All the lines below need retyping exactly, apart from the images.

--- COLLECTED MATERIAL Enclosed Below ---

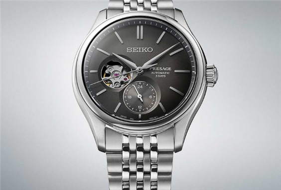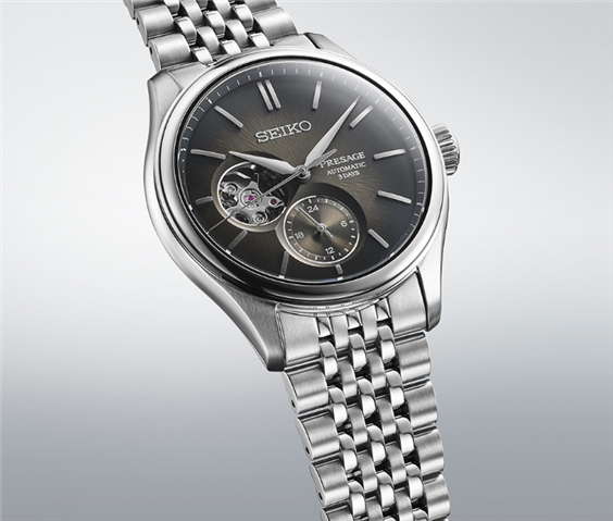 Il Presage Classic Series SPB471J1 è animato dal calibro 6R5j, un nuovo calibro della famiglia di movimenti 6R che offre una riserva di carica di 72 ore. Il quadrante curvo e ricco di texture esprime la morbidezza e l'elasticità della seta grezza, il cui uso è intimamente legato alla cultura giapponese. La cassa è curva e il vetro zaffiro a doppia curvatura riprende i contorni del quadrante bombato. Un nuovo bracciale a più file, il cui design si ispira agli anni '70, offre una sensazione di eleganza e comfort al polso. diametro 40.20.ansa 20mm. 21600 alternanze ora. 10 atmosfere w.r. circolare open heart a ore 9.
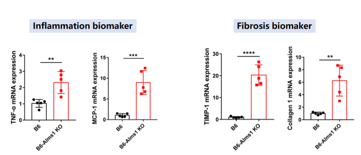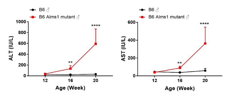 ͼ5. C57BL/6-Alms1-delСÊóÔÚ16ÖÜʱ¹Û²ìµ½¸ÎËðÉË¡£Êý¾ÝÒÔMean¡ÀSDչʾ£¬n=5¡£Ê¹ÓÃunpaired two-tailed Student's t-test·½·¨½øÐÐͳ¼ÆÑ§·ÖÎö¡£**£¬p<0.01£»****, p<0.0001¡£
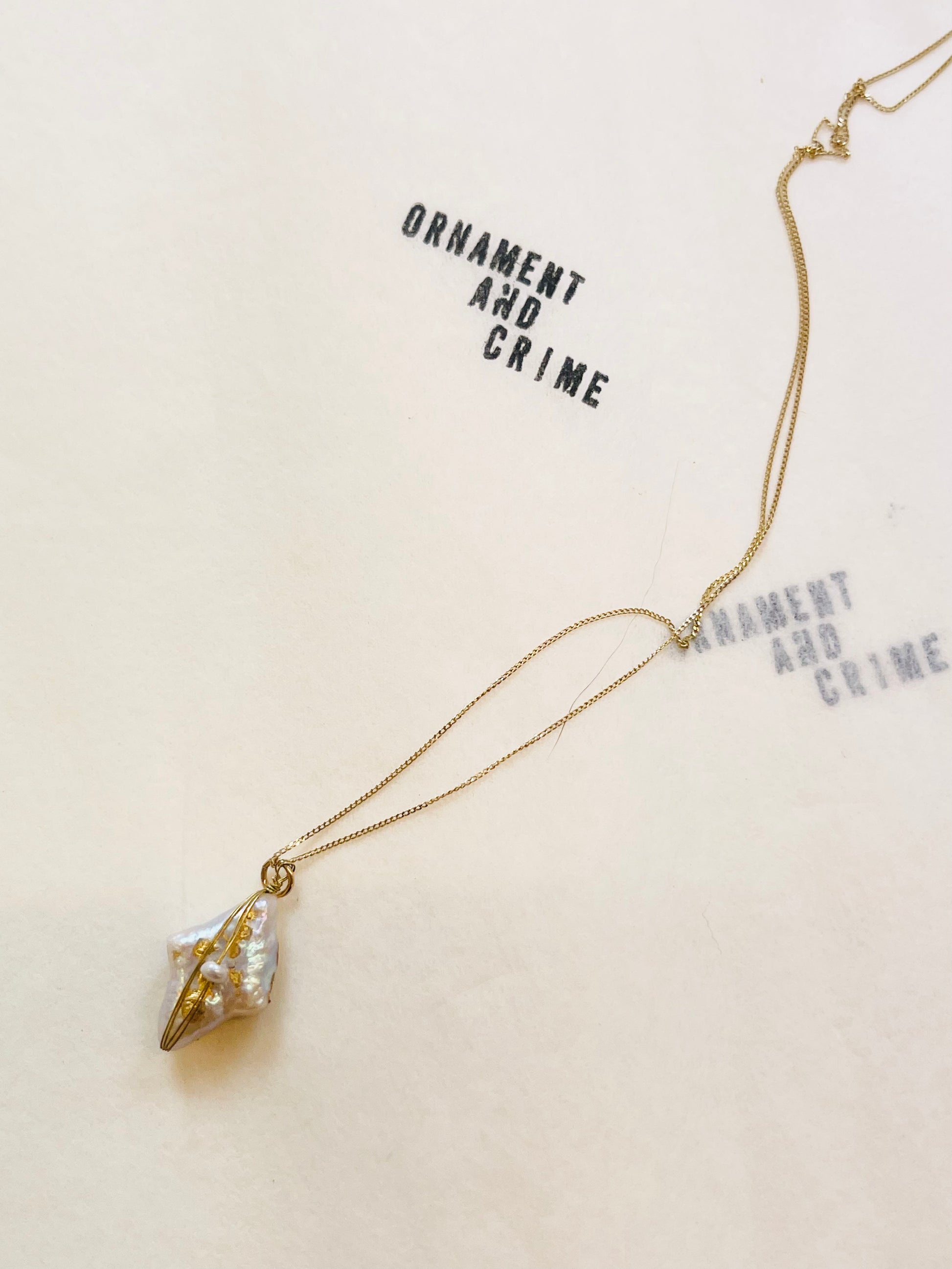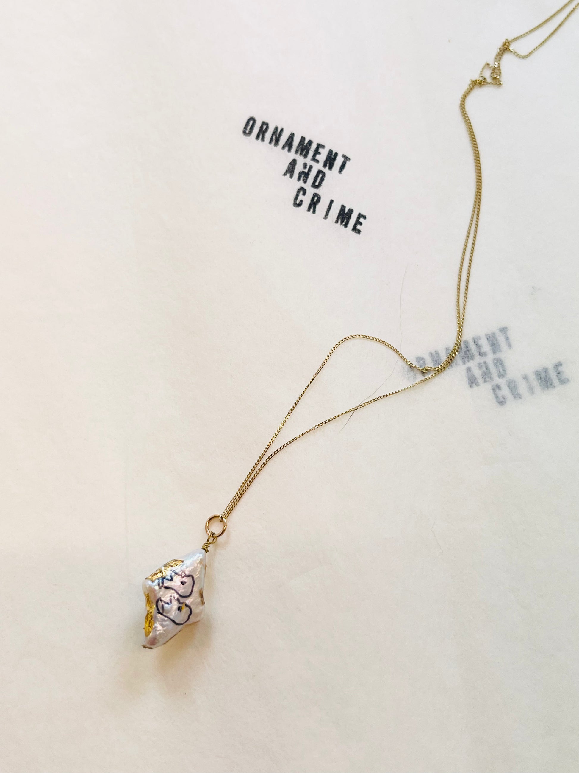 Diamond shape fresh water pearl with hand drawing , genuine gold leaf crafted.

--- End of Enclosed COLLECTED MATERIAL ---

-- SOLUTION TO THE EXERCISE --
 Il Presage Classic Series SPB471J1 è animato dal calibro 6R5j, un nuovo calibro della famiglia di movimenti 6R che offre una riserva di carica di 72 ore. Il quadrante curvo e ricco di texture esprime la morbidezza e l'elasticità della seta grezza, il cui uso è intimamente legato alla cultura giapponese. La cassa è curva e il vetro zaffiro a doppia curvatura riprende i contorni del quadrante bombato. Un nuovo bracciale a più file, il cui design si ispira agli anni '70, offre una sensazione di eleganza e comfort al polso. diametro 40.20.ansa 20mm. 21600 alternanze ora. 10 atmosfere w.r. circolare open heart a ore 9.
 ͼ5. C57BL/6-Alms1-delСÊóÔÚ16ÖÜʱ¹Û²ìµ½¸ÎËðÉË¡£Êý¾ÝÒÔMean¡ÀSDչʾ£¬n=5¡£Ê¹ÓÃunpaired two-tailed Student's t-test·½·¨½øÐÐͳ¼ÆÑ§·ÖÎö¡£**£¬p<0.01£»****, p<0.0001¡£
 Diamond shape fresh water pearl with hand drawing , genuine gold leaf crafted.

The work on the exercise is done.